REPUBLIKA.CO.ID, TEL AVIV -- Pemerintah Israel dilaporkan mencemaskan kemungkinan negara-negara Eropa mengakui negara Palestina. Hal itu dilakukan sebagai reaksi Eropa atas rencana perdamaian yang disusun Presiden Amerika Serikat (AS) Donald Trump.
"Menteri Luar Negeri Luksemburg Jean Asselborn berada di belakang inisiatif ini (mengakui negara Palestina)," kata beberapa pejabat Israel, dikutip Ynet News, Ahad (16/2).
Menteri luar negeri negara anggota Uni Eropa dijadwalkan menggelar pertemuan rutin bulanan pada Senin (17/2). Pada kesempatan itu, mereka akan turut membahas konflik Timur Tengah. Rencana perdamaian yang digagas Trump dikabarkan turut dibicarakan.
Para pejabat Israel khawatir reaksi keras negara-negara Eropa terkait rencana Trump akan muncul pada akhir pertemuan tersebut. Pada Januari lalu, Menteri Luar Negeri Luksemburg Jean Asselborn mendesak Uni Eropa secara resmi mengakui Palestina sebagai negara. Menurutnya, hal itu perlu dilakukan untuk menyelamatkan proses perdamaian antara Palestina dan Israel.

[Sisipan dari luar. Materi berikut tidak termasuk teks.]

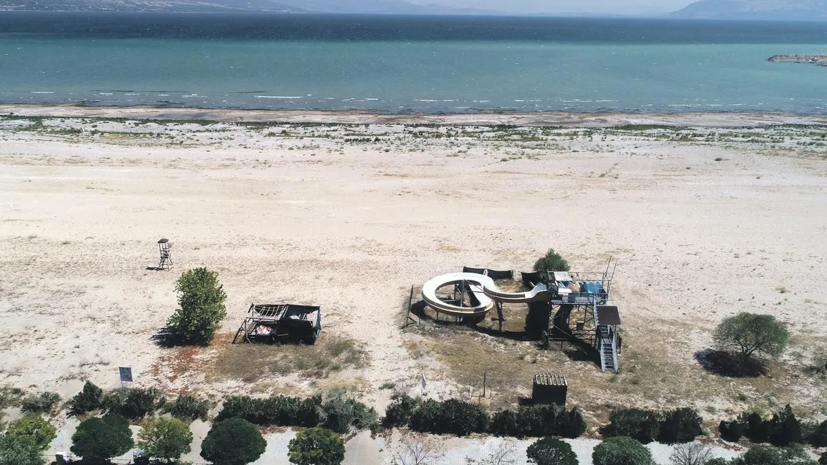 Sahilde bulunan su kaydırağı ve Isparta'da bulunan Dağ Komando Okulu'nun eğitim alanındaki suya atlama kulesi de aynı nedenden dolayı artık kullanım dışında bulunuyor. Türkiye Tabiatını Koruma Derneği bilim danışmanı Dr. Erol Kesici, göl yüzeyinin 1960 öncesinde 518 kilometrekare iken 1990'da 481 kilometrekare, 1997'de 479 kilometrekare, 2024 yılında da 426 kilometrekareye kadar düştüğünü, azalmanın hızla devam ettiğini söyledi. Gölün ortalama derinliği 1950'de 16 metre, 1960'ta 14.5 metre, 1970 sonrası 12 metre, 1980-1990 arasında 11.3 metreyken, 2000 sonrası 8.8 metreye gerilediğini dile getiren Dr. Kesici, "2017'de 6.5 metre, 2020'de 5.3 metre, 2022'de 4.2 metre, 2023'te 4.1 metreye düştü. Bu değerler ekim başı değerleri. 2024 yılı temmuz ayında ise yaklaşık 3.2 metre ortalama derinliğe kadar düştü" dedi. Dr. Kesici, "Su seviyesinin son 5-6 yıl içerisinde en az 7 metre azaldığını gösteren izler. Kuleden atlama eğitimleri olduğu belirtilmekte. Ama şu durumda suyun çekilmesiyle birçok zorlukla da karşılaşılmakta. Şu anda artık atlamak mümkün değil, çünkü su seviyesi alabildiğince az. Kayaların üzerindeki izler de suyun ne kadar çekildiğini gösteriyor" ifadelerini kullandı. DHA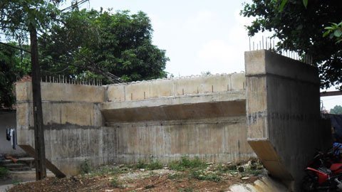 Trụ cầu xây dang dở như những lô cốt lớn rồi bỏ đấy |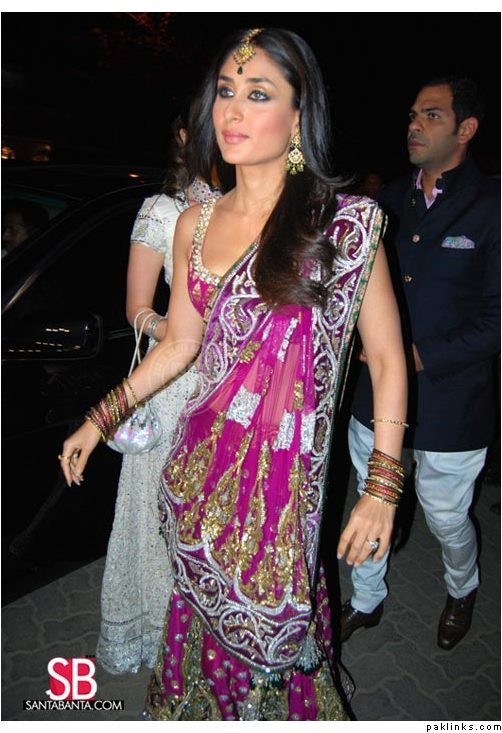 KAreena is soo dressed up in comparison to the rest. She is soooo stealing the bride's thunder. But then again, I can't blame her b/c Amrita is not even wearing a teeka. She should have done SOMETHING to standout from the crowd. I think Malaika has toned her look down enough to not look like she is the bride. But I must say, Kareena by far, looks the prettiest...despite being over dressed.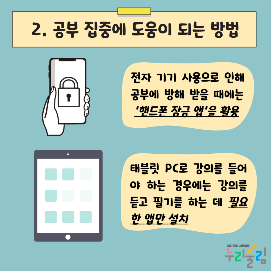 태블릿 PC를 통해 강의를 들어야 하는 경우에는 강의를 듣고 필기를 하는 데 필요한 앱만 설치를 해두고, 핸드폰을 아예 책상에서 멀리 떨어뜨려 놓는 방법도 있습니다. 이것 또한 제가 대학에 와서 활용하는 방법인데요, 핸드폰을 아예 방 밖에다가 두고 쉴 때에만 나가서 확인하면 집중하기가 보다 쉽습니다. 본인이 자제력이 있는 편이라고 생각하신다면 강의와 필기에 필요한 앱만 깔아두는 방법도 좋은 것 같아요. 필요한 앱만 깔아놓음으로써 다른 앱을 활용해서 딴짓을 하지 않을 수 있기 때문이죠. 그리고 핸드폰을 방 밖에다가 놓아두는 방법을 활용하면, 핸드폰이 눈앞에서 보이지 않기 때문에 핸드폰으로부터 오는 유혹을 뿌리치기가 좀 쉬워집니다. 특히 거실이나 부엌 쪽에 가져다 놓으면 아무래도 찔끔찔끔 나가지는 않겠죠?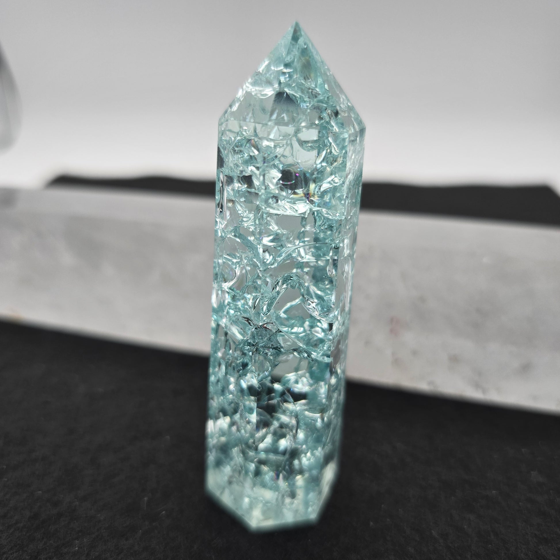 The Light Blue Crackle Quartz Tower is a stunning gemstone structure that radiates calmness and elegance.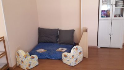 - L’angolo morbido, in cui potranno rilassarsi su un morbido tappetone, farsi leggere una fiaba o guardare un libricino posto nella libreria.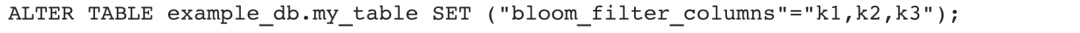 3)目前,Bloom Filter索引只支持除了TINYINT、FLOAT、DOUBLE类型以外的Key列及聚合类型为REPLACE的Value列。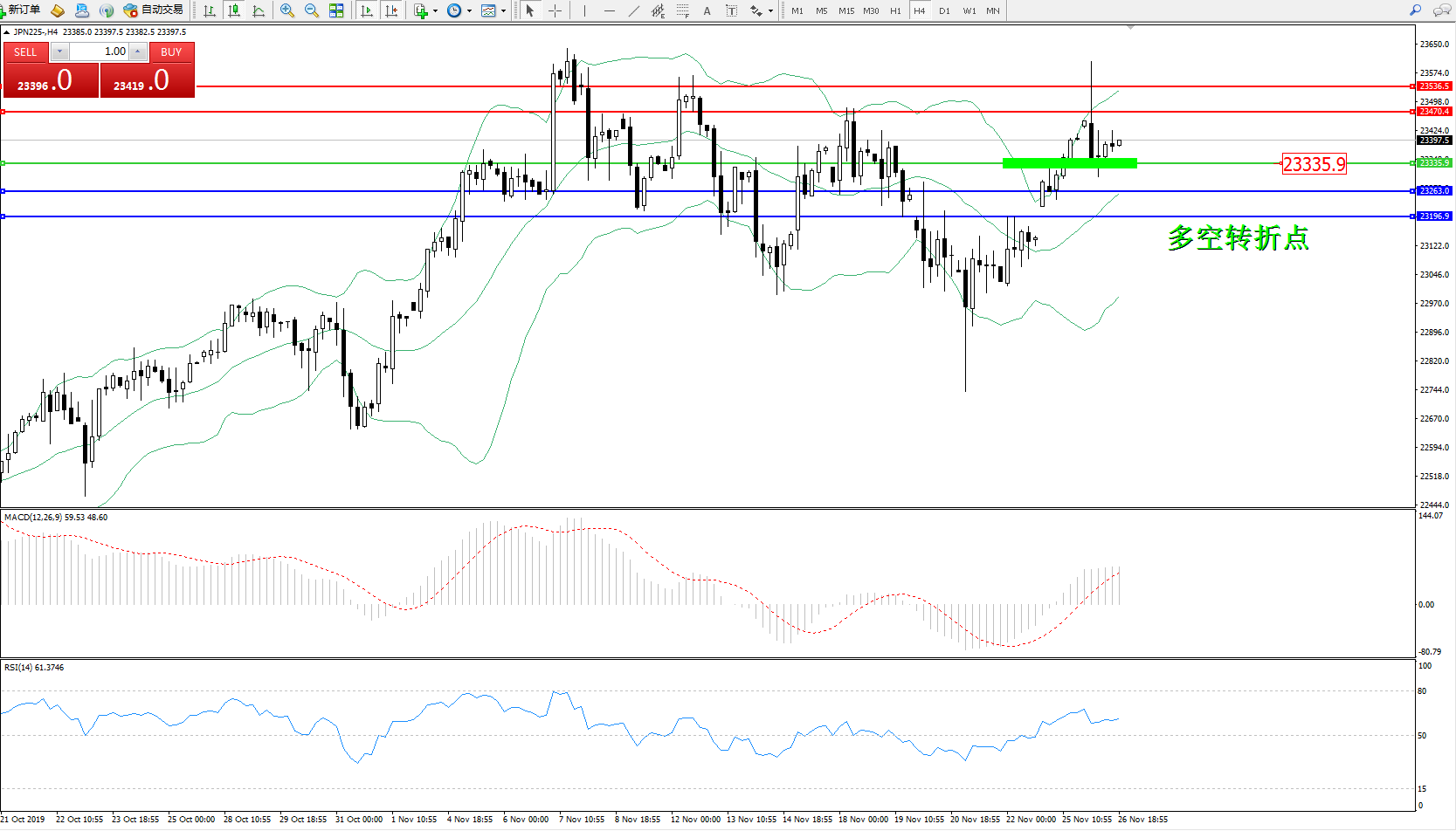 日经指数JPN225——4小时K线图: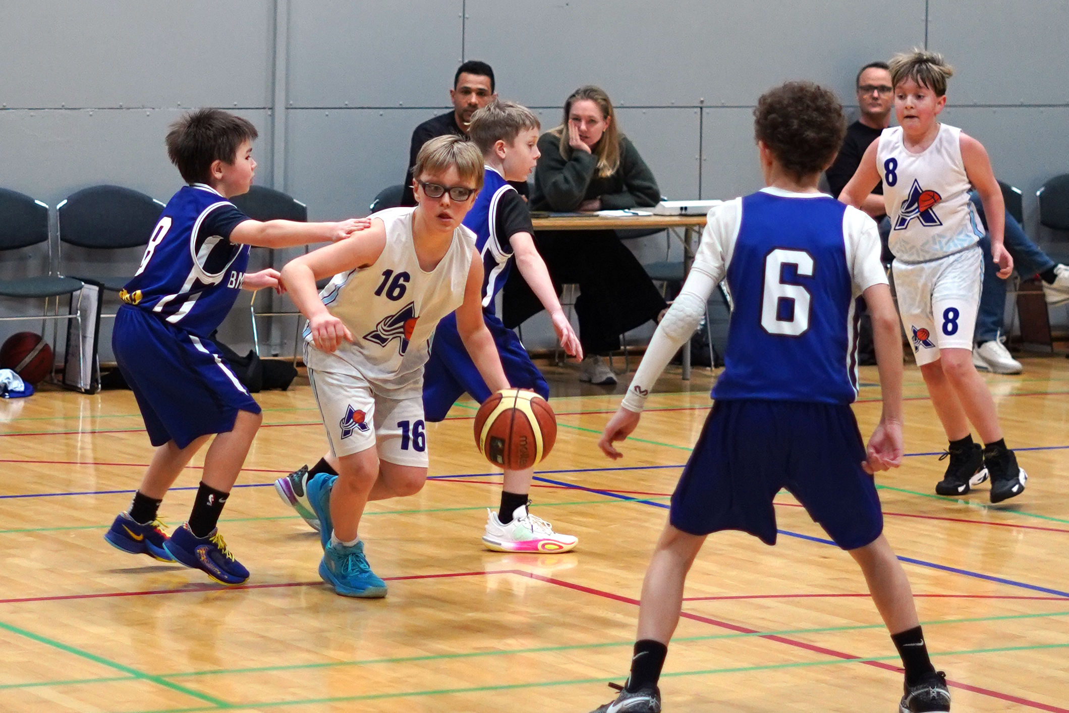 Basketbold, mørk og lys trøje, basketsko, vanddunk og frokost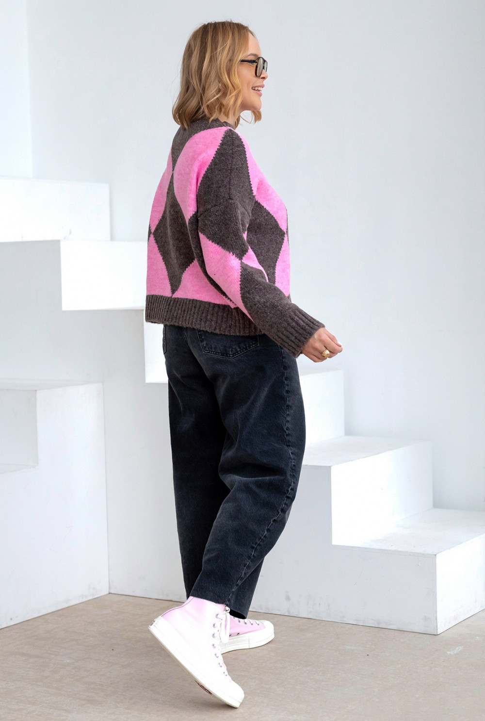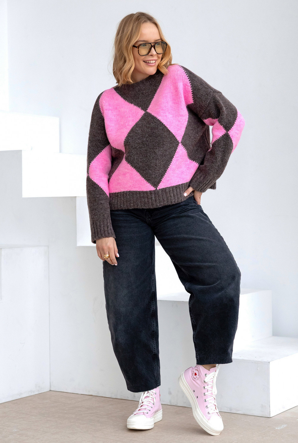 Sweter w romby Anastasia Ciemne kakao-baby róż

Asselborn mengatakan saat ini prospek solusi dua negara Israel-Palestina sedang sekarat. "Jika Israel sampai pada titik ini, kita akan mengalami situasi yang sama seperti yang ditemui negara lain pada 2014," kata dia saat berbicara di depan Dewan Urusan Luar Negeri Uni Eropa pada 20 Januari lalu.
Itu bukan kali pertama Asselborn meminta Uni Eropa mengakui negara Palestina. Pada November tahun lalu, dia sempat menyerukan hal serupa.
Kala itu Asselborn mengatakan mengakui negara Palestina bukanlah sebuah bantuan. "Tapi lebih sebagai pengakuan hak rakyat Palestina untuk negaranya sendiri," ujarnya, seperti dilaporkan laman Jerusalem Post.
Menurutnya, mengakui negara Palestina bukan pula berarti melawan Israel. "Pengakuan Palestina oleh seluruh (anggota) Uni Eropa akan menjadi sinyal bahwa Palestina membutuhkan tanah air, sebuah negara, sama seperti Israel," kata Asselborn.
Dia menilai kegagalan mematuhi hukuman internasional akan menghasilkan setidaknya lima juta pengungsi tambahan di Timur Tengah. Pengungsi itu tak lain adalah warga Palestina.
"Itu tidak mungkin menjadi kepentingan Israel," ucapnya.